To exercise any of these rights, email contact.alleymap@gmail.com. We will respond within 30 days and may ask you to verify your identity before acting on sensitive requests. We will not discriminate against you for exercising any right granted by law.

Under the California Consumer Privacy Act, as amended by the California Privacy Rights Act, California residents have the rights described above, plus the right to know the categories of personal information collected, the categories of sources, the business purposes for collecting, and the categories of third parties with whom information is shared.

We do not sell or share personal information for cross-context behavioral advertising, as those terms are defined by the CCPA/CPRA.We do not knowingly sell or share the personal information of any consumer under 16 years of age. You do not need to submit a “Do Not Sell My Personal Information” request, because there is no sale or sharing to opt out of.

California residents may designate an authorized agent to submit requests on their behalf. The agent must provide proof of authorization.

If you are located in the European Economic Area, the United Kingdom, or Switzerland, the controller of your personal information is The Fringe. Our lawful bases for processing are described above under “How we use your information.”

You have the rights described above, including the right to lodge a complaint with your local supervisory authority. For residents of the UK, the Information Commissioner's Office (ICO) is the relevant authority.

We do not rely on automated decision-making with legal or similarly significant effects (GDPR Article 22). Recommendations are advisory and based on preferences you explicitly set.

The Service is not directed to children under 13 (or under 16 in the European Economic Area). We do not knowingly collect personal information from children. If you believe that we have collected personal information from a child, contact us at contact.alleymap@gmail.com and we will delete it promptly.

We use a small number of strictly necessary and functional cookies and storage mechanisms, described below. We do not use advertising cookies, pixels, beacons, or other cross-site trackers.

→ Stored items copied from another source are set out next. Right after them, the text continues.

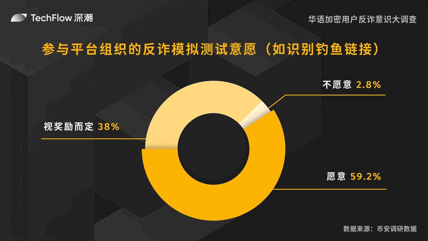 Specifically, 59.2% of users are willing to participate in anti-fraud simulation tests, 38% of users' willingness depends on rewards, and only 2.8% of users are unwilling to participate.
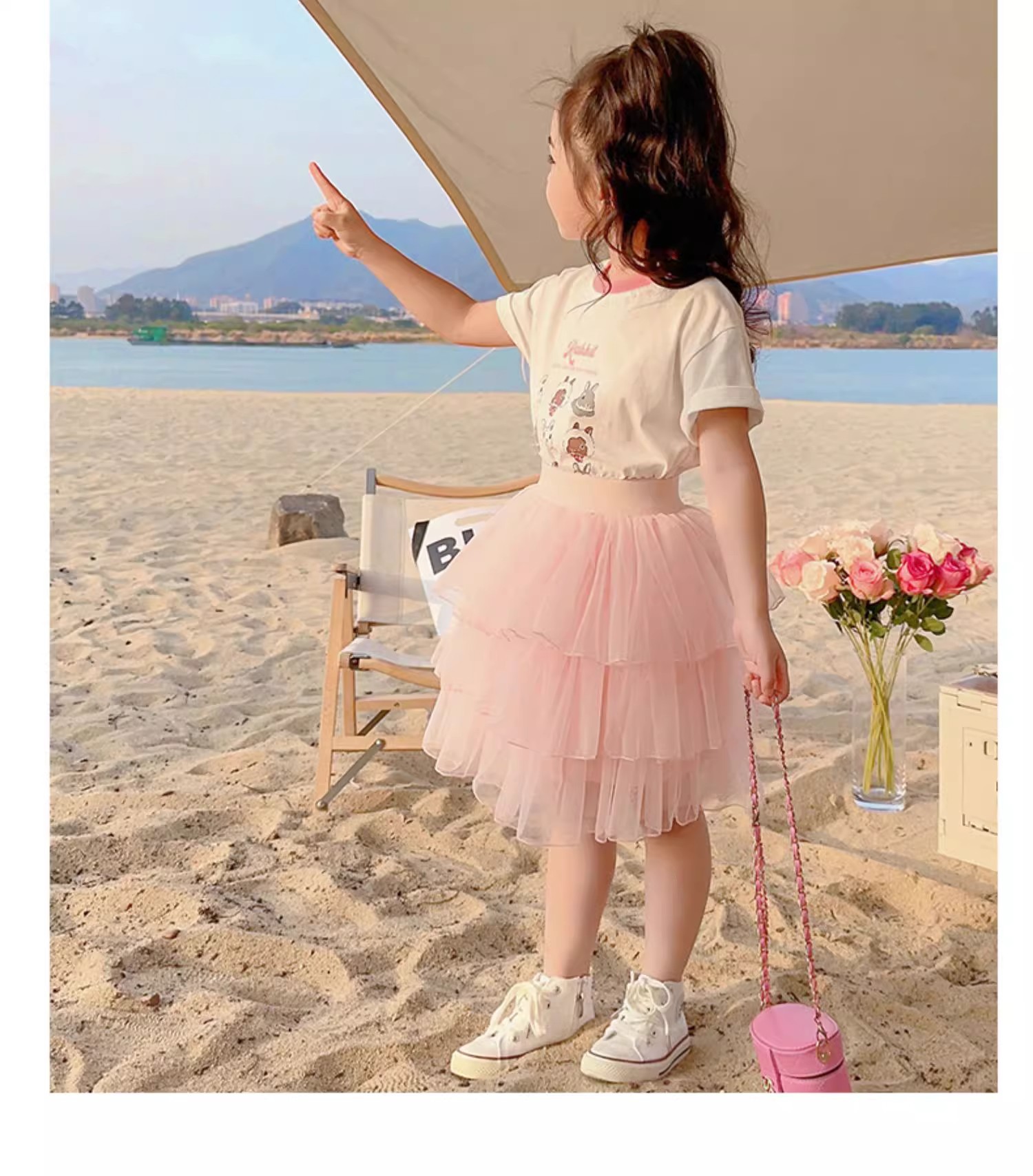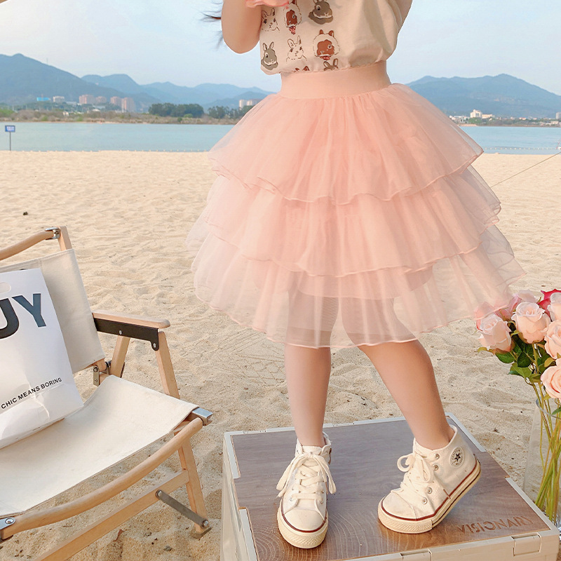 소녀 메시 케이크 스커트 여름 공주 푹신한 스커트 핑크 소녀의 아기 웨스턴 스타일 어린이 스커트 달콤한 스타일
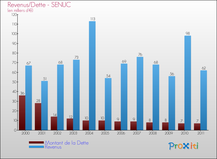 Comparaison Revenus/Dette de Senuc (de 2000 à 2011)
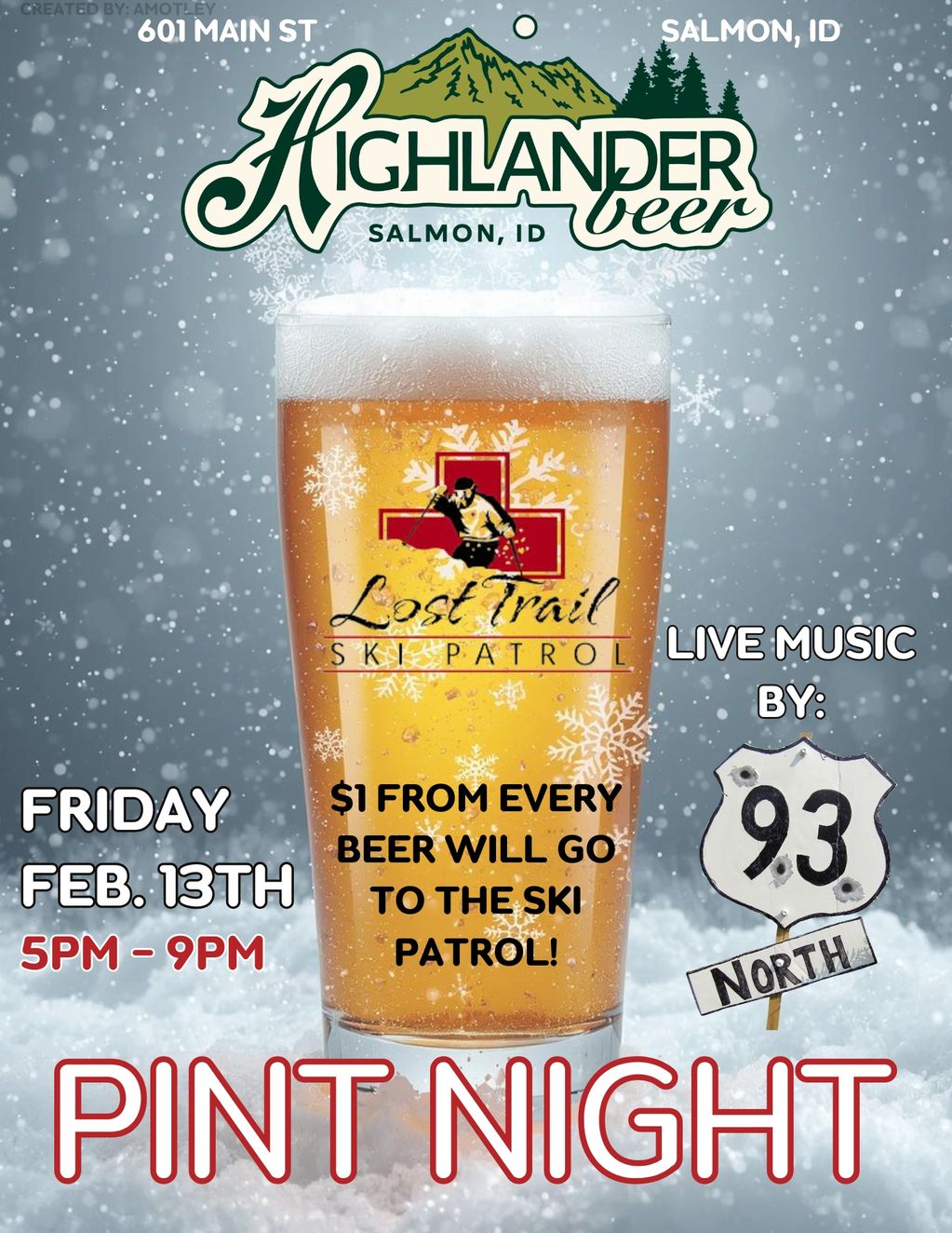 Enjoy live music from Salmon's very own 93 North, great company, delicious brews, and help support Lost Trail Ski Patrol. For every pint sold, $1 will be donated to LTSP and go to helping keep you safe on the mountain. Don't miss out on this opportunity to make a positive impact
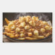 Um prato de Poutine com batatas fritas, queijo cottage e molho.
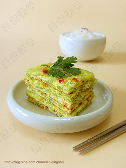 6.平底锅加热,加入适量油,晃动锅子,使锅底布上一层油即可,倒入苦瓜蛋液,用小火慢慢煎至底部凝固,翻面继续煎另一面,两面都煎至金黄就可以取出放在案板上,切小块装碟就可以了。
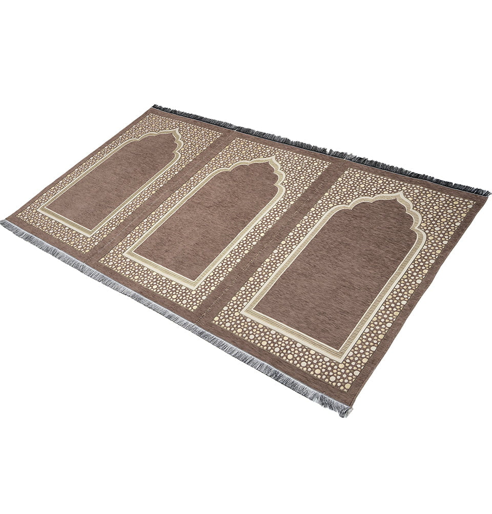 Modefa's lightweight, embroidered chenille prayer mats are now available as a multiperson. They are an affordable, decent quality janamaz great for everyday use and easy to carry for large events!
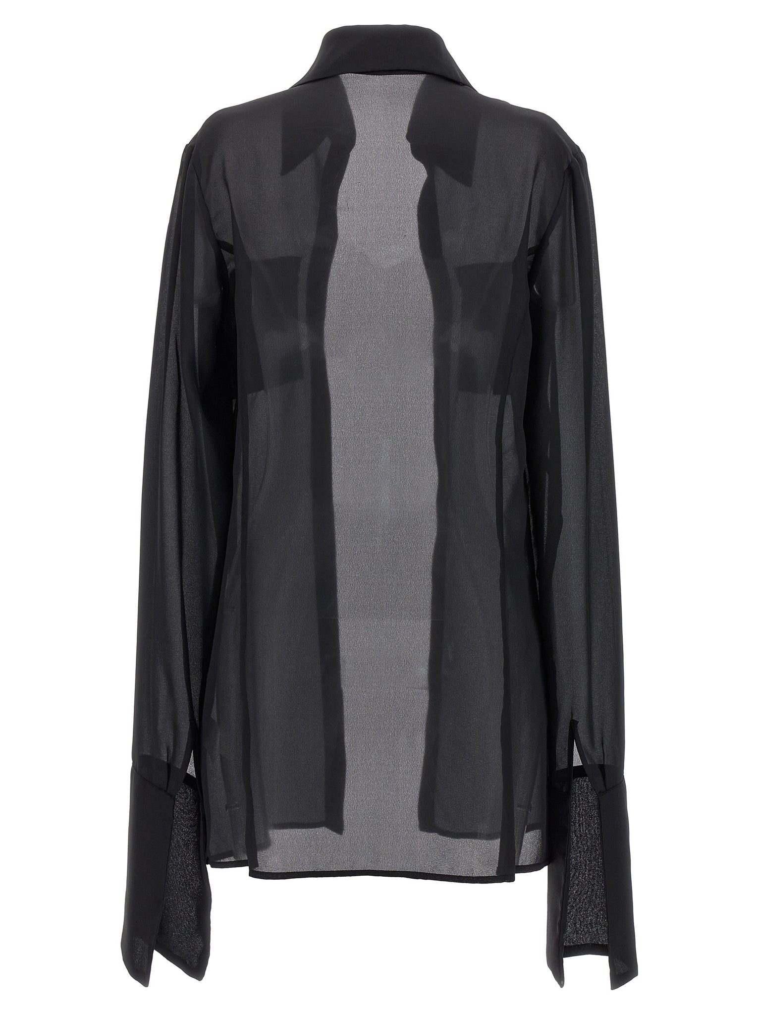 Georgette' shirt in a transparent fabric with front pockets, No fastening. Size and Fit - True to size fit us size
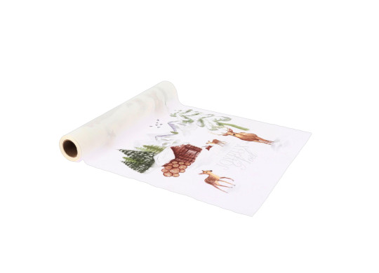 Chemin de table tissu blanc "Joyeux Noël" Neige éternelle 28CM X 3M
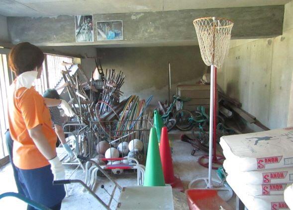 さて、夏休みの日に・・・⑥です。今回は7月下旬に実施した、体育館下の倉庫の片付け・掃除についてご紹介します。
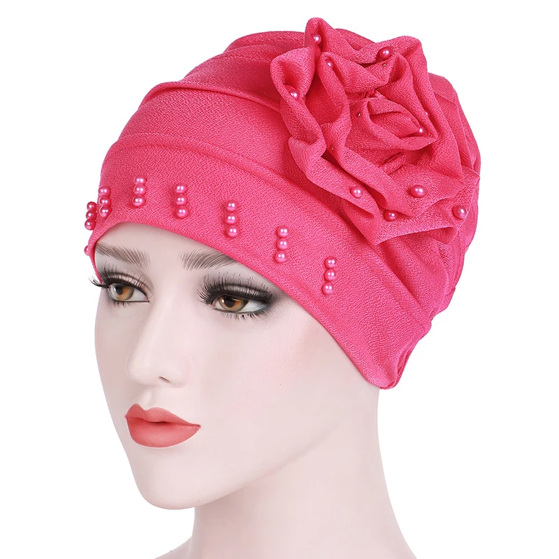 Модные цветочные мусульманские хиджаб шапки Твердые арабские обёрточная голова внутренние хиджабы хлопковые бусины женский тюрбан для женщин исламский шарф шапка
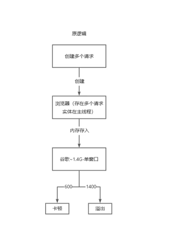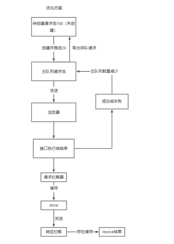 针对此模式,我们可以创建如下序列,待发送请求池作为中间层,只作为载体,每次推送固定数量到浏览器,当浏览器主线程中存在接口执行完毕后,代表主线程中接口数量减少,在从待发送请求中取出新的接口放入主线程,从而实现控制主线程发送数量避免内存溢出
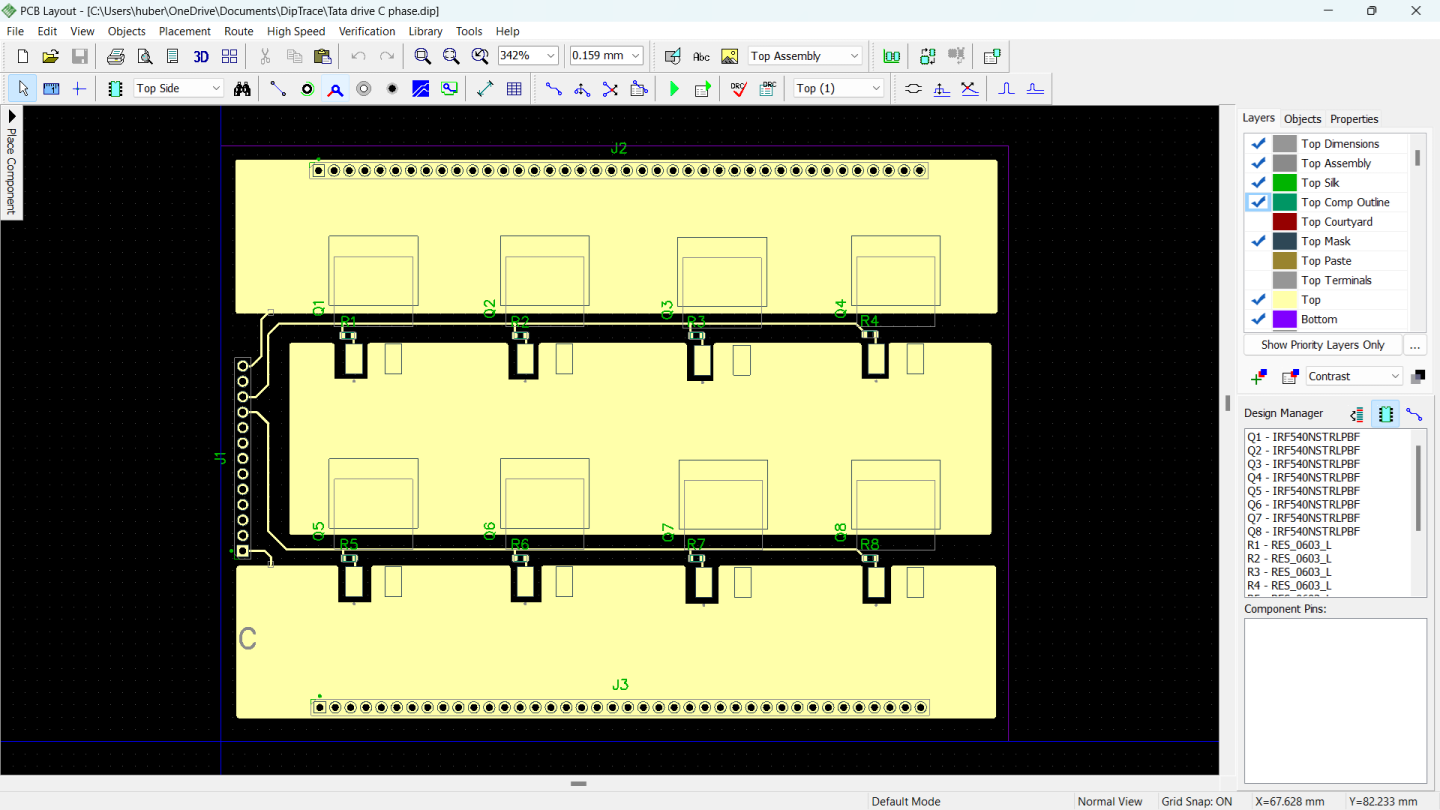 I have the three 8 FET phase single bridges half bridges complete. Now all that is left to complete is the logic PCB that contains the Mitochondrik IC and the CAN transceivers, UART connectors and LED indicators etc. Ill have these done in 8 layers so we can test for full current. The PCB footprint is 1ppoxinatel 102mm x 77 mm it will be a modular stack with a separate bridge for each phase to maximize copper within the footprint. The IRLS4030PBF are 100V 152 ampere each. There's a total of 24. You see the A AND B phases have low side current sense in the 2512 form factor I can add many along the B- rail.
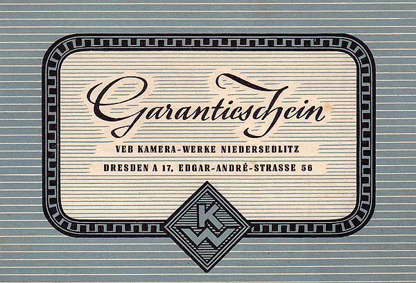 Einäugige Spiegelreflexkamera (SLR) für den Kleinbildfilm 135 (Aufnahmeformat 24 x 36 mm), hergestellt 1958 und 1959 in der DDR bei VEB Kamera-Werke/Pentacon (K. W. Kamerawerkstätten Guthe & Thorsch). Für Wechselobjektive mit Schraubgewinde M 42, hier mit Carl Zeiss Jena Tessar 1:2,8/50 mm; manuelle Fokussierung. Wechselsucher, hier mit aufklappbarem Lichtschacht. Mechanischer Schlitzverschluss (B, 1/2 bis 1/500 Sekunde); manuelle Belichtungssteuerung. Zwei Blitzbuchsen (F und X).

• Session cookie (Supabase Auth): keeps you signed in. Expires on sign-out or session expiry. Strictly necessary.
• Cookie-consent localStorage value: remembers whether you've accepted or declined our welcome message. Not a cookie, and not transmitted to our servers.
• Local-cache entries: your saved-event IDs and recent filter selections are cached in localStorage for performance.
• Cloudflare Turnstile: runs a short-lived challenge to detect bots on our signup form. See Cloudflare's privacy documentation for details.

Browsers that send a Do Not Track or Global Privacy Control signal are honored: since we do not sell, share, or track across sites, no additional action is required to respect those signals.

We may update this Policy from time to time. When we make material changes (for example, adding a new vendor, changing retention periods, or adding a new category of data), we will update the effective date above and notify registered users in-product or by email before the changes take effect, where reasonably practicable. Your continued use of the Service after the effective date of an updated Policy constitutes your acceptance.